Emma Pearson: Was there anything in the Henry Tax Review that is likely to provide relief from soaring house prices?

Steve Keen: I have to confess to not having read the Henry Tax Review. I’ve seen the press coverage of it and like most of these things; to me it’s a bit like rearranging the deck chairs on the Titanic. I’d rather say what has actually caused the crisis we’re in, and therefore what reforms can we make, so we don’t get these runaway levels of debt once more. And I doubt that there was anything of that nature in the Henry report. So I’m willing to be corrected but I haven’t been told of that so far.

Emma Pearson: Now Steve with prices so stubbornly high, how is the younger generation expected to enter the housing market?

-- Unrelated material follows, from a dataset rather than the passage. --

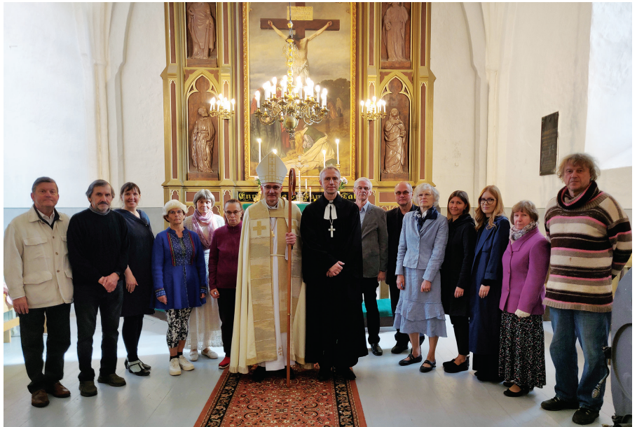
Jumalateenistusest osavõtjad 22.09.24 meie kiriku altari ees. Keskel piiskop Anti Toplaan.

Steve Keen: By political change. If the younger generation wants to do something about housing prices, the best thing is to become a political lobby group against the whole interest that everybody else in society has in rising house prices. Now the reality is, the only people who really make money out of rising house prices are lenders because they extend you more debt and therefore, they get a greater profit out of it, and real estate agents and the associated property market spruikers who make money out of the turnover.If you actually are buying houses - all people who are lucky to buy into a market, sell out through a bubble and continue doing that and then get out and downsize, so if you ride a Ponzi scheme and jump out of it before it crashes, you can also make a profit. Those to me are three very illicit sources of income. I’d far rather see people base their income earning capacity on the productive contribution they make to society rather than the speculative contributions.Now the only people in society who’ve got a very, very strongly vested interest in fighting that is as you say, the younger part of the population which are now completely excluded because this bubble has gone on for so long, that now the entry costs of jumping onto that Ponzi scheme is so great, people say forget it, I’m going to avoid the scheme completely. They’re the ones who’ve got the strongest political interest in overthrowing this and I think it’s only going to be political change and getting those sorts of legal reforms I’m talking about, that’ll work. Don’t bother saving money for it.

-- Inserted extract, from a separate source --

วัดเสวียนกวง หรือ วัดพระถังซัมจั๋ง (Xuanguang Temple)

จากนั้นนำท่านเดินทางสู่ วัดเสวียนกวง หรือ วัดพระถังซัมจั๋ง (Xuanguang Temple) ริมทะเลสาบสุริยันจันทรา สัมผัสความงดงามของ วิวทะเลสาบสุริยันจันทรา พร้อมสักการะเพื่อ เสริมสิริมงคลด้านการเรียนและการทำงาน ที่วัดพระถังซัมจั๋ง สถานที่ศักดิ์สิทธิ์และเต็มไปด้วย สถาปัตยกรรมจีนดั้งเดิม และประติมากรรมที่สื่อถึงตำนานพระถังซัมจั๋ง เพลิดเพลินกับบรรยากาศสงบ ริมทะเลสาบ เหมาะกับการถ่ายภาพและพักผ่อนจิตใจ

Emma Pearson: Steve with everything that we’ve spoken about today, what’s the good news?

Steve Keen: Well the good news is that it finally seems to have stopped rising and that turndown in prices might be happening. The trouble is, with that good news comes a very bad bang bad news. I know from political feedback that both sides of Parliament believe that the reason the financial crisis occurred in the rest of the world, was because house prices fell. And therefore, they’re doing their best to support it which is why the first vendors boost was brought in and why. There were no objections from the Liberal Party when that was done. Now - all they did was inflate it by an extra 20% and give it more to fall from ultimately and add more debt to the system as well.When it starts coming down, there will then be some of the feedback effects people are worried about because the real cause of the crisis wasn’t how house prices then falling, it was the debt that drove the house prices up in the first place - stopping rising then going down, causing what is now being widely called the de-leveraging. And when you de-lever, you spend less than you earn because you are using part of your income to pay your debt down, so there’s a drop in aggregate demand – that’s what actually causes the crisis. So the good news of falling house prices unfortunately has a bad news punch that when it starts to happen, there’ll be people who start reducing their debt levels and by doing that there’ll be less demand in the economy, and we’ll start facing the same sort of downturn that we’ve seen in America.

Emma Pearson: Steve thanks again for your insight today.